The participants were told not to perform any kind of physical activity during the period of the tests, not to ingest food three hours before the tests or caffeine 24 hours before them. This control was performed with the aim to avoid interference in the collected variables. Moreover, the participants were familiarized with the Borg's scale (6-20).

The submaximal cardiopulmonary tests with progressive load increase performed in water and land-based environment were performed with the aim to determine the first ventilatory threshold in each of the situations. The tests order was random and the protocol consisted of one minute at 50rpm without load, with subsequent increase of 25 watts at every two minutes. The test was interrupted when the first ventilatory threshold was identified. The tests had duration of six to 10 minutes, with two extra minutes to return to calmness without load still on cycle ergometer.
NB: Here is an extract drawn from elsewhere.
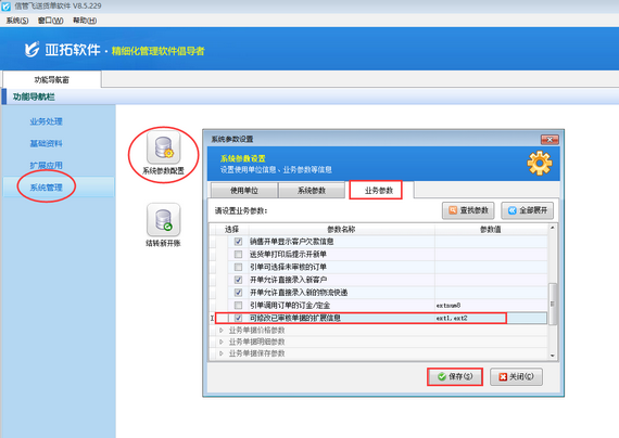 在功能導(dǎo)航窗點(diǎn)擊“系統(tǒng)管理”→“系統(tǒng)參數(shù)設(shè)置”→“業(yè)務(wù)參數(shù)”可以進(jìn)入到“業(yè)務(wù)參數(shù)”配置界面,在業(yè)務(wù)單據(jù)相關(guān)參數(shù)內(nèi)打勾啟用“可修改已審核單據(jù)的擴(kuò)展信息”參數(shù),并設(shè)置參數(shù)值(擴(kuò)展信息字段名),默認(rèn)為“ext1,ext2(擴(kuò)展信息1,擴(kuò)展信息2)”,如下圖一所示。

The used protocol in the present study was adapted from Jovanovicet al.¹⁹. The first ventilatory threshold was identified by three experienced physiologists and was determined through the point at which the ventilatory equivalent to the oxygen (VE/O₂) systematically increased, without increase of the ventilatory equivalent to the carbon dioxide (VE/VCO₂)²⁰. The HR corresponding to the point in the water and land environment was used as target intensity in the continuous tests.

The continuous tests had duration of 30 minutes each and were performed with the aim to determine the RPE and O₂ responses.The exercise started with the individual pedaling for four minutes, without load, at a 50rpm cadence; the load was later increased until the individual reached the HR corresponding to the first ventilator threshold, as found in the progressive test in the corresponding environment. Once the HR was stable, 30 minutes out of the total test time were waited to be completed, and whenever necessary the load was adjusted for maintenance of the target HR; however, velocity was always kept at 50rpm. The exercise measurements consisted of the record of the HR and the O₂at each 20 seconds. The mean of the three measurements of the ninth, 14^th, 19^th, 24^th and 29^thminutes were used for the O₂ data analysis. At the end of the 30 minutes of the test, the individual showed the RPE in the Borg's scale (6-20). All subjects performed the tests in water at immersion depth close to the xiphoid process level and at water temperature of 32.4 ± 0.37ºC. Room temperature at during the study was 20.8 ± 3.29ºC.

A cycle ergometer was used (Monark Valburg/Sweden) outside the water connected by a chain to another bicycle (Sculptor Rio Grande do Sul, Brazil) in water. During all sessions, the respiratory gases were collected by a portable Aerosport KB1-C (Ann Arbor, USA) mixing box gas analyzer. A pneumotach with a neoprene mask was used. The equipment was calibrated according to the manufacturer's recommendations. The gas analyzer was calibrated with known gas concentrations (6% CO₂, 15% O₂) prior to the data collections. An automatic calibration based on the room values was performed between each routine²¹. The HR was monitored by a heart rate monitor through telemetry (POLAR F1, Kajaani, Finland). The O₂ and HR data were collected at every 20 seconds. In order to obtain the RPE values, the Borg's scale was used (6-20)¹.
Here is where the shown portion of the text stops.